National Institutes of Health, USA
"Petr Chlanda completed Ph.D. in virology at the University of Heidelberg where he studied vaccinia virus assembly. He subsequently conducted post-doctoral research on influenza virus budding at European Molecular Biology Laboratory in Heidelberg. Currently he is a post-doctoral fellow at NIH where he uses electron microscopy techniques to study influenza virus driven membrane fusion"

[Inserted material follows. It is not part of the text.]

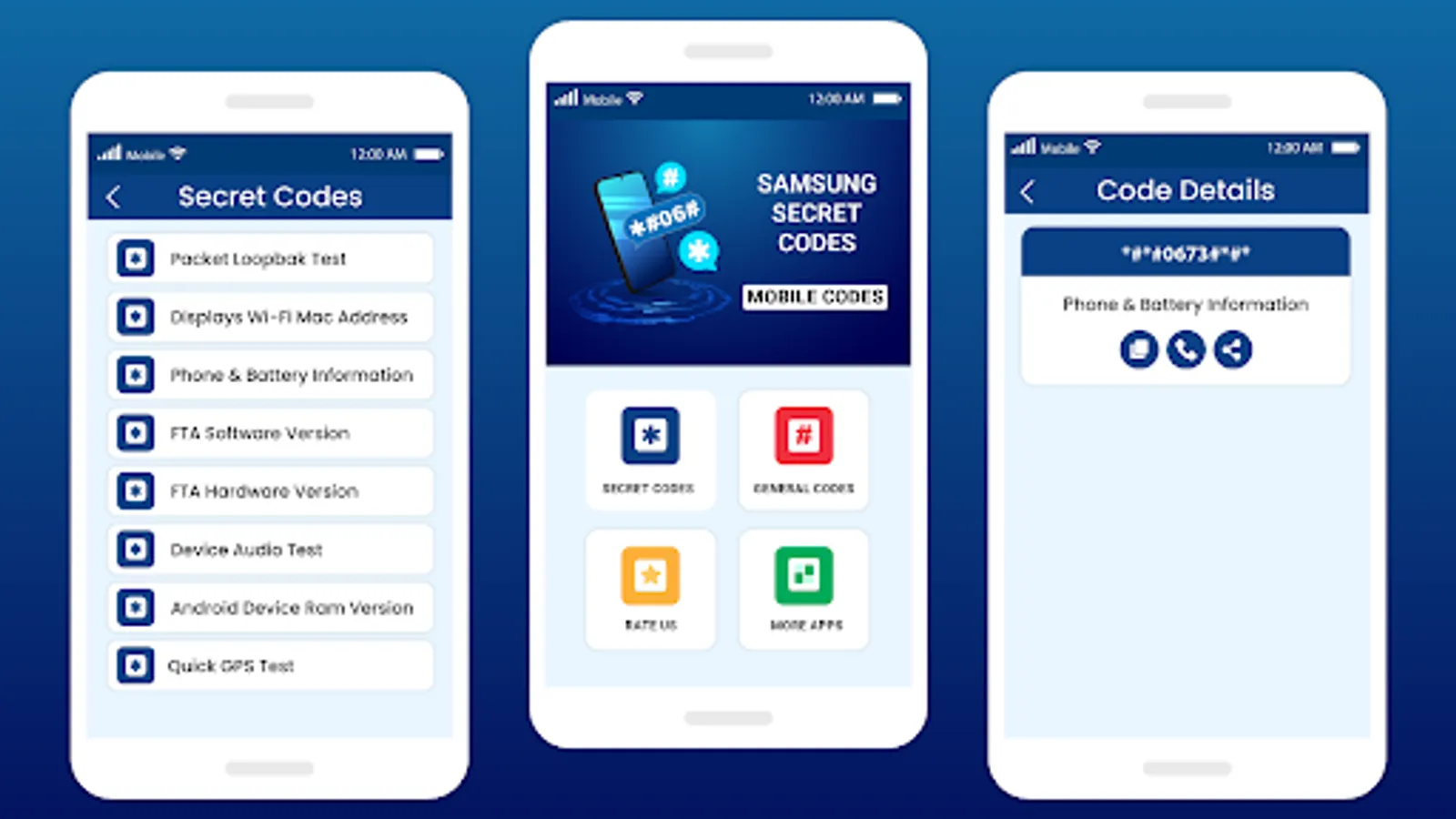 Secret Codes for Samsung app include the android secret code of Samsung. In this app, there is complete details of the hidden codes of the mobiles to change the setting and other function of your mobiles functions which even can’t be changed in your mobiles setting personally

"Influenza A virus is a major human pathogen, assembling enveloped virus particles that are heterogeneous in shape. The contribution of main components of the influenza virus haemaglutinin (HA), neuramindase (NA), and matrix protein 1 (M1) to virus assembly, release and virion morphology remain unclear. They can all, under certain conditions, mediate release of membrane-enveloped particles, while none of them appear to be essential for particle release. Here we have produced membraneenveloped particles by plasmid-based expression of all combinations of HA (H3), NA (N2) and M1, and have monitored particle release, particle morphology, and plasma membrane morphology using biochemical methods, electron microscopy, electron tomography and cryo-electron tomography. HA or NA expression leads to changes of the plasma membrane curvature which appear as membrane-enveloped particles. Although these pleomorphic membrane-enveloped particles are connected to the plasma membrane without an obvious constriction they are capable of release. In contrast, when either HA or NA is expressed together with M1, well defined filamentous protrusions are formed, which constrict at their base forming a budding neck to release filamentous virus-like particles (VLPs) from the cell surface. The VLPs are released in the absence of M2, and most efficiently when NA is expressed. NA localizes in a membrane-curvature dependent manner to the tips of VLPs. Together our data indicate that one of the glycoproteins together with M1 represents the minimal requirement to assemble and release filamentous VLPs. These results suggest NA and M1 as key players in virus assembly."